Я - богиня любви и содрогания
Шрифт:
— БОГИНЯ!!! — закричало зеркало, заставив с утра меня вздрогнуть и перепугаться не на шутку. Женский голос был страшен. Охрипший и сорванный, он звал меня, пока я экстренно бежала узнавать, что случилось.
— Я стояла на коленях всю ночь! Я молилась тебе! — задыхалась молодая женщина, а я слышала страшные хрипы рыданий, которые вырывались у нее из груди. — Я прошу тебя! Прошу о милости! Все, что угодно! Я сделаю все, что захочешь! Спаси его… Спаси Терция… Я умоляю… В полдень начнется казнь… … Он просто хотел помочь! Он ни в чем не виноват! Он хотел спасти…
Голос сорвался в страшный крик отчаяния. В храме на коленях стояла красивая, смертельно бледная молодая женщина с золотыми, спутанными волосами в нежно-голубом платье. Она протягивала дрожащие руки к статуе, по ее щекам текли слезы, а грудь вздымалась от рыданий.
— Покажи мне этого Терция, — прошептала я, нервно догрызая ноготь. Зеркало тут же выдало мне картинку, от которой мне самой стало не по себе. Молодой, симпатичный, светловолосый мужчина с карими глазами в белой сорочке и в черных штанах, стоял на коленях со связанными за спиной руками, а над ним возвышалась черная фигура Императора. По обе стороны от Терция стояла молчаливая стража. Узник поднял глаза на Императора, который хранил молчание, а потом набрался мужества.
— Я могу повторить, — послышался хриплый голос осужденного. — Каменное сердце не способно любить! И это правда, хоть вы мне и не верите. Я просто хотел помочь вам! Спасти вас…
Лицо Императора было бледным, а он сжимал рукой спинку кресла. Выглядел он ужасно, камзол был распахнут, черные волосы растрепаны, словно какие-то плохие новости поймали его в самый неподходящий момент.
— Я не убийца, не вор, не мошенник. Я не готовил заговор! Я даже никого не обманул и никого не предал! Каменное сердце не способно любить! — опустил голову узник, тряхнув спутанными волосами. — Я поклялся никому не говорить… Я перед ней поклялся…
— Ты своими руками разрушил мою жизнь, — Император отвернулся, тяжело дыша, словно каждое слово причиняет ему страшную боль. — И теперь ты попытался уничтожить то, что для меня дороже всего мира!

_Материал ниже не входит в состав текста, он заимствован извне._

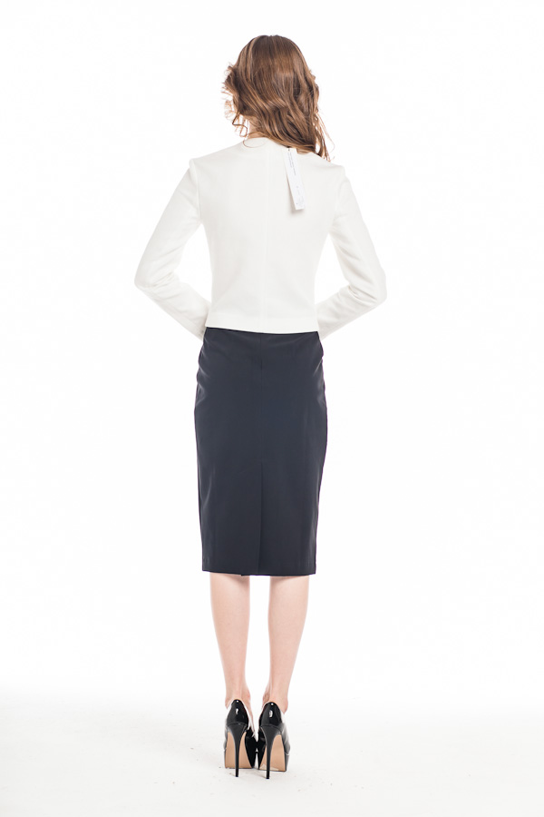 Юбка с поясом, сзади потайная молния. Благодаря невысокому разрезу сзади юбка сохраняет четкие линии и в то же время весьма комфортна и не стесняет ваших движений.
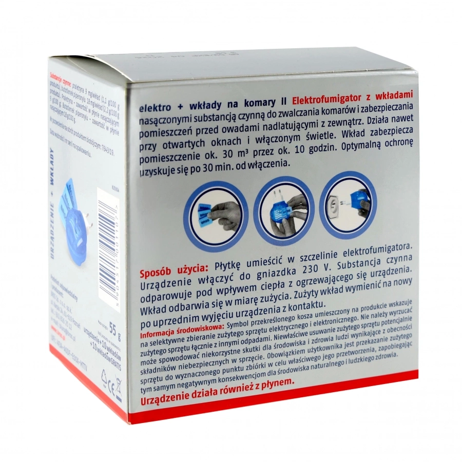 Po podłączeniu do gniazdka urządzenie uwalnia substancję czynną, zapewniając ochronę przez całą noc, nawet przy otwartym oknie i włączonym świetle. Każdy wkład działa nieprzerwanie przez maksymalnie 12 godzin, co czyni zestaw praktycznym i ekonomicznym wyborem na wiele dni użytkowania.

— Если бы знал тогда, я бы никогда не согласился! — дернулся вперед узник, а Император прижал руку к лицу. Черные волосы скрывали его эмоции, а я слышала лишь тяжелое дыхание. — Если бы я знал,… Мне было бы проще отрубить себе руки… Поэтому я и решился на это шаг! Я бы успел, но стража скрутила меня раньше! Проклятье!!!
— Увести его! — резко произнес Император, задыхаясь и поднимая мертвые глаза на приговоренного. — Приговор остается в силе! Оставьте меня! Живо!
Зеркало снова показало мне хрупкую и обессиленную фигурку девушки в голубом, которая свернулась на полу возле пьедестала, вздрагивая от рыданий. Ее золотые волосы разметались по ступеням, а ее руки жадно собирали лепестки.
— П-п-прошу вас…. П-п-прошу… Он всегда был верен вам, — едва слышно давилась рыданиями она, сжимая кулаки. Жрицы пытались ее поднять и утешить, но она смотрела на них мертвыми глазами. — Возьмите м-м-мою жизнь… Возьмите ее… П-п-пожалуйста… Но с-с-сохраните жизнь ему…
Как поступить? Такая любовь заслуживает хотя бы слов утешения…
Я включила розовый свет, а сверху на нее стал падать лепестки. Красавица подняла измученное лицо, которое озарилось непередаваемой словами надеждой. Она щурилась на свет, а ее мокрые щеки блестели от слез. На секунду мне показалось, что она зарыдает, но она засмеялась, сквозь слезы.
— Вы… Вы ответили… Вы меня услышали… — задыхалась она, а ей на лицо падали лепестки. — Прошу вас…
Тонкая рука поймала несколько лепестков, а дрожащие губы стали их целовать.
— Милостивая… — выдыхала она сквозь слезы, стоящие мутной пеленой в красивых глазах. — Милостивая…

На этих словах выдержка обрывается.